Bribery Claim Hangs Over Lawmakers

By Morrison O.G. Sayon

Members of the 53rd National Legislature have been accused of receiving huge bribes from some western companies to ratify certain oil blocks in the country.

A group of concerned citizens who staged a peaceful protest on the ground of the Capitol Building against the sale of additional oil blocks on Tuesday has pointed accusing fingers at the Legislature especially its leaders of receiving bribe from oil giant companies in America and Europe for the ratification of block 7, 16 and 17.

The head of the concerned citizens who stormed the seat of the National Legislature on Tuesday, Mr. Henry P. Costa, appearing on a local radio station yesterday alleged that the President Pro-tempore of the Liberian Senate, Gbenzohngar Findley and House Speaker, Alex Tyler and members of both august body have been offered millions of United Dollars to sell the Liberian people’s oil blocks.

Mr. Costa further alleged that US$120,000 was given to members of the Legislature to ratify a particular oil block, while the House of Representatives took US$1.2 million from government’s coffers to go on a nation-wide tour to hold consultations with those in the various counties. Costa boasted of having substantive evidence to substantiate his allegation against the Legislature.

Mr. Costa and his group of concerned citizens, with anti-government slogans stormed the Capitol Building with their petition to the National Legislature against what they called the planned sale of oil blocks 6,7,16 and 17.

In their petition the citizens noted, “We, a cross section of concerned Liberian citizens, cognizant of the poor and, abusive management of our natural resources, particularly our last extractive frontier; the oil and gas sector, and realizing our conscious duty and responsibility to defend and safeguard our future, and children’s future, do hereby assemble invoking Article 17 of our Constitution to petition our National Legislature not to ratify the planned sale of oil blocks 6, 7, 6 and 11.”

They also warned against future sale of any oil blocks until at such time when the ongoing reform process is completed ensuring significant Liberian participation.

Few hours following the presentation of the petition, Senate Pro-tempore, Findley at a well-attended news conference, accused Presidential hopeful, Benoni Urey of inciting the group to stage the protest at the Capitol Building.

Pro-tempore Findley accused Mr.
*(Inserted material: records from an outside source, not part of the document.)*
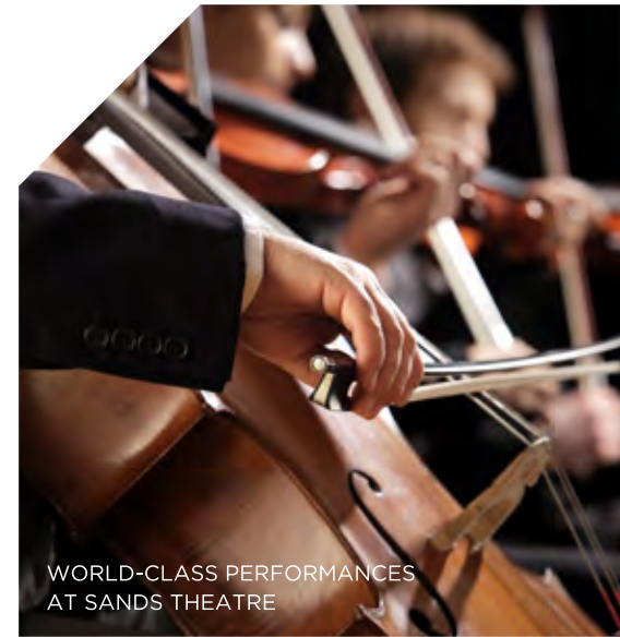
WORLD-CLASS PERFORMANCES AT SANDS THEATRE

Marina Bay Sands, a short drive from LIV@MB, offers non-stop entertainment from dusk to dawn. Awaken to the beauty of its world-renowned rooftop infinity pool. A shopping experience like no other awaits at the exquisite boutiques. Dine on award-winning cuisine from around the world. Be entertained at the ArtScience Museum, catch a world-class performance, then party the night away.
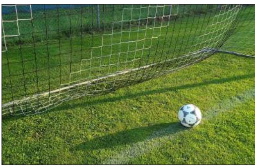
It wasn't the best of days for Wanderers

Next up for the Chairgirls is a home match against Ascot United on Sunday, February 13 which will kick-off at 2pm.
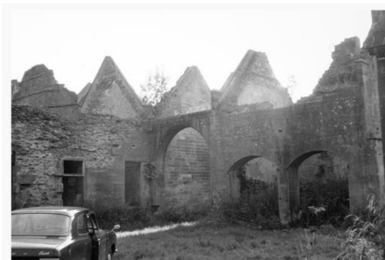
Poltalloch House, General view of house in gutted state
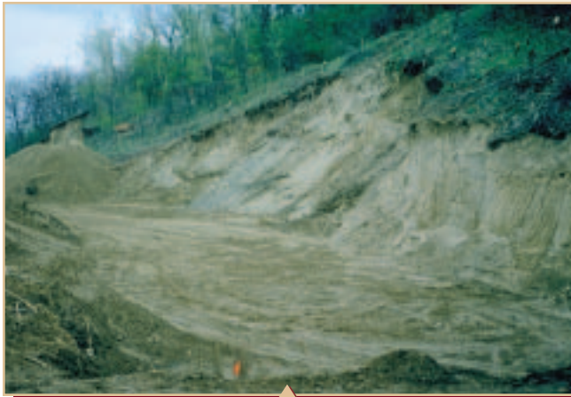
Cut site before construction.

The result was an attractive, structural, economical Keystone retaining wall, allowing the developer to use an ideal location as a new development site. Keystone turned a problem into a great looking solution!
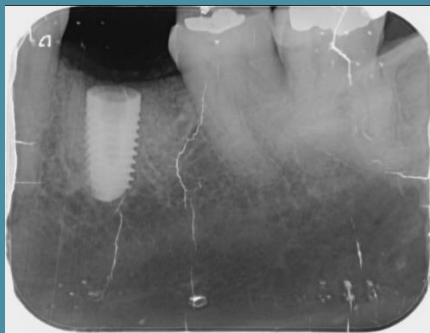
Periapical x-ray scan After extraction and bone grafting

By: Doctors at the Clinic for Oral and Maxillofacial Surgery, Shamir Medical Center
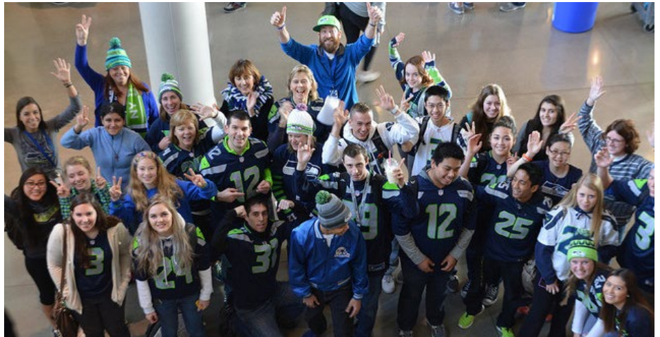
Blue Friday!

students figure out life After Shorewood, whether the goals involve college, vocational school, or a career.
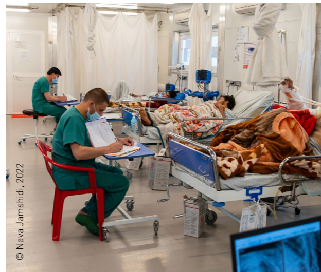
The ICU (intensive care unit) in MSF’s Kunduz Trauma Centre, Kunduz Province, Afghanistan.

More than one third of survey respondents who visited the health facility nearest to their house were not satisfied with the services. The most common reasons cited were lack of medications, being asked to pay high amounts for medication, and being asked to buy the medication privately. People also expressed a lack of trust in the quality of services provided to patients and caretakers, and they perceived public hospital staff as lacking experience and professionalism. People who live in the districts and rural areas, far away from the centre of the provinces, are often left with no other option but to undertake a long and expensive journey to find free, quality medical care. But many people cannot afford to pay the transportation costs, and are forced to borrow money, which is an additional burden for those already suffering from lack of healthcare.
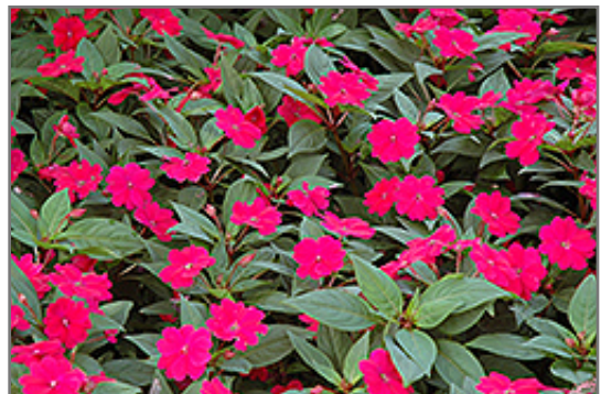
Bounce Cherry Impatiens in bloom
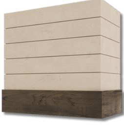
BOX WITH SHIPLAP WALNUT BAND
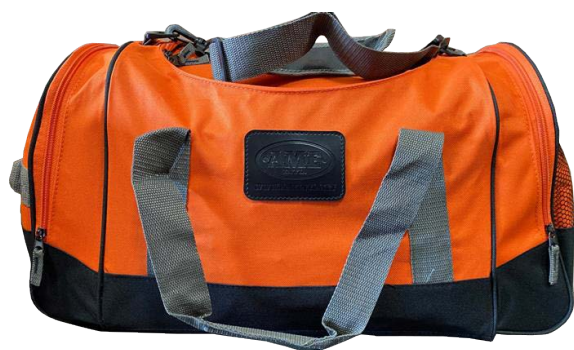
Kit Components Listed on Back
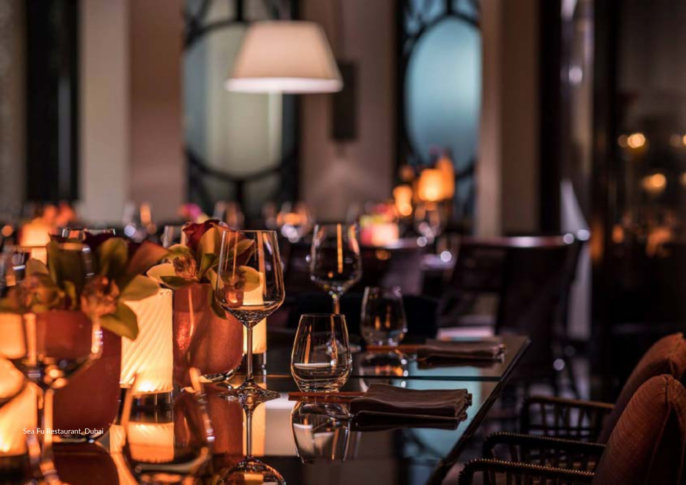
Sea Fu Restaurant, Dubai
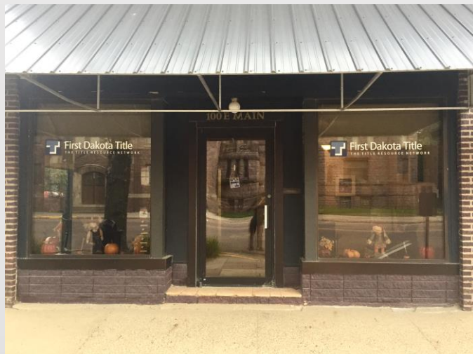
10 E. Main St.
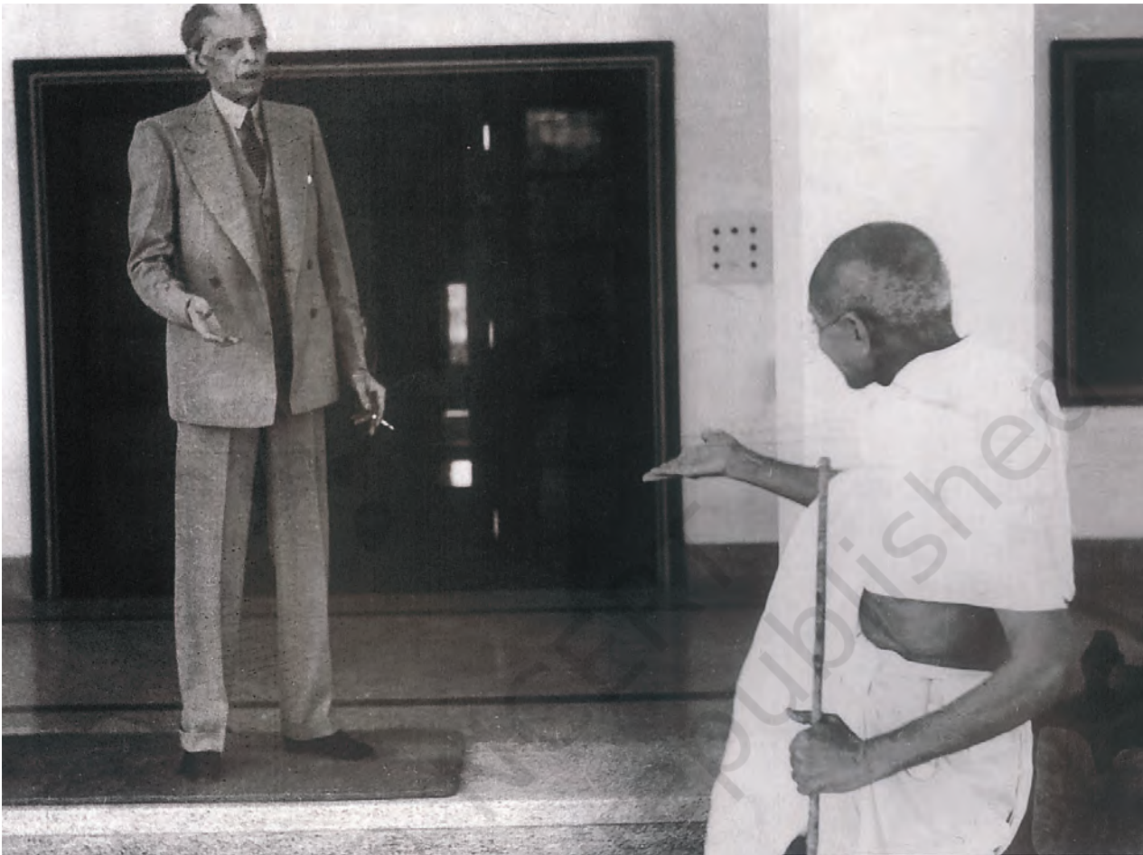
Fig. 14.6 Mahatma Gandhi with Mohammad Ali Jinnah before a meeting with the Viceroy in November 1939

largely Muslims. The British had no intention of annoying the Unionists who still controlled the Punjab government and had been consistently loyal to the British.

Urey of supporting the protesters referring to them as paid agents and that Urey was inciting violence in the country. But in their reaction, Costa said Sen. Findley is accumulating wealth at the expense of ordinary Liberians who have no bread on their tables.

Costa said Sen. Findley and his colleagues are mortgaging the country’s resources by ratifying bogus oil deals and other concession agreements for personal aggrandizement while the majority of the citizens live in abject poverty.

“You have not completed the reform process and you are attempting to sell additional oil blocks, and say that we are paid agents? Does Urey have money to pay those responsible people you saw yesterday at the Capitol Building to pay them, or is he dishing out money? We are speaking of our right, the sale of our oil blocks and you describe us as paid agents? Mr. Costa wondered.

He said Sen. Findley is one of the ungrateful Liberians and a coward whose budget at the Legislature amounts to US$1.34 million while his people are suffering. “Yesterday was just the beginning, the next time we will enter their Chambers, sit there and vote with them,” Mr. Costa, in strong words said.

He added that the protest was organized by cautious-minded individuals who were simply invoking Article 17 of the Liberian Constitution and was never paid as claimed by the Grand Bassa County lawmaker.

At the same time, Mr. Costa has taken serious exception to claims by Senate Pro-tempore that the Capitol Building protest was sponsored by Mr. Benoni Urey. Costa said as conscious Liberians they will never be paid by anyone to exercise their constitutional rights.